El acto, atípico por el diálogo establecido entre el invitado y el foro, contó con unos 2.500 asistentes, llegados de todas las comunidades, que abarrotaron el salón, las escaleras y parte de los pasillos del Palacio de Congresos de Madrid. Granado, lejos de recibir halagos sobre su gestión, pese a «haber aumentado en la presente legislatura el gasto en pensiones en 25.000 millones de euros», según dijo, escuchó más de una recriminación, sobre todo cuando explicó que «las actuales pensiones no las paga el Gobierno sino los 20 millones de trabajadores que cotizan».
Desde la tribuna de oradores aguantó las críticas e invitó a acercarse a él a todos cuantos quisieran alguna aclaración. «Estoy a su disposición», recalcó. Así, al terminar el congreso, decenas de personas subieron al escenario. Granado respondió uno a uno a los jubilados. Al final, la mayoría de los asistentes abandonaron satisfecho el Palacio.
1.300.000 prejubilados
Por su parte, CEPYP reivindicó prioritariamente una pensión de viudedad que suponga, al menos el 70% de la prestación que recibiría el fallecido, actualización al cien por cien al cumplir los 65 años de las prejubilaciones y jubilaciones anticipadas, y representatividad institucional en las mesas de diálogo social (ámbito de debate y negociación entre Gobierno, y patronales y sindicatos más representativos) y en el Consejo Económico y Social. La Confederación calcula que el total de prejubilados ronda las 1.300.000 personas.

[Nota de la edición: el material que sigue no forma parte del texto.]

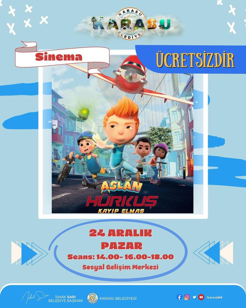 Karasu Belediyesi, Aralık Ayı etkinlikleri çerçevesinde çocuklara yönelik planlanan Aslan Hürkuş ‘Kayıp Elmas‘ çocuk sineması etkinliğini de çeşitli platformlardan vatandaşlara duyurdu.
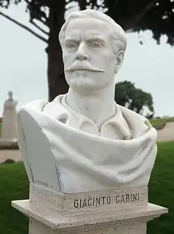 The wound caused by a bullet in 1860 could no longer heal, bringing torments and pains.[1] He died in Rome on January 16, 1880 : in 1912 the body was moved to his hometown, in the church of San Domenico [1] ; a marble bust was dedicated to him inside the Falcone-Morvillo villa, in viale della Libertà in Palermo,[1] and at the base of this sculpture there is an epigraph that reads these words: "To general Giacinto Carini, who magnanimous in exile, in the brave fight among the thousand, the mind the arm the heart, sacred to Italy[6] Also in Rome on the Janiculumthere is a Bust of Giacinto Carini. Rome and Padua have dedicated a street to him.

Granado se detuvo en la segunda reivindicación y se comprometió «bajo el valor de mi palabra» a resolverla en la siguiente legislatura. Esta demanda, una de las mayores protestas de CEPYP, tiene su origen en la escasa subida (entre 36 y 63 euros al mes, en función de la edad) de las prestaciones que, a partir del 1 de enero del 2008, reciben los mayores de 60 años retirados obligatoriamente de su empleo antes del 2002. Se trata de un colectivo con coeficientes reductores por su retiro anticipado mayor que el aplicado a partir de esa fecha. El secretario de Estado resaltó que efectivamente la subida supone un importe muy pequeño pero «es lo único hecho hasta ahora por un gobierno».
En cuanto a la promesa de un complemento de solidaridad, se trataría de 1.400 euros al año para ayudar al mantenimiento de la vivienda y a otras necesidades básicas.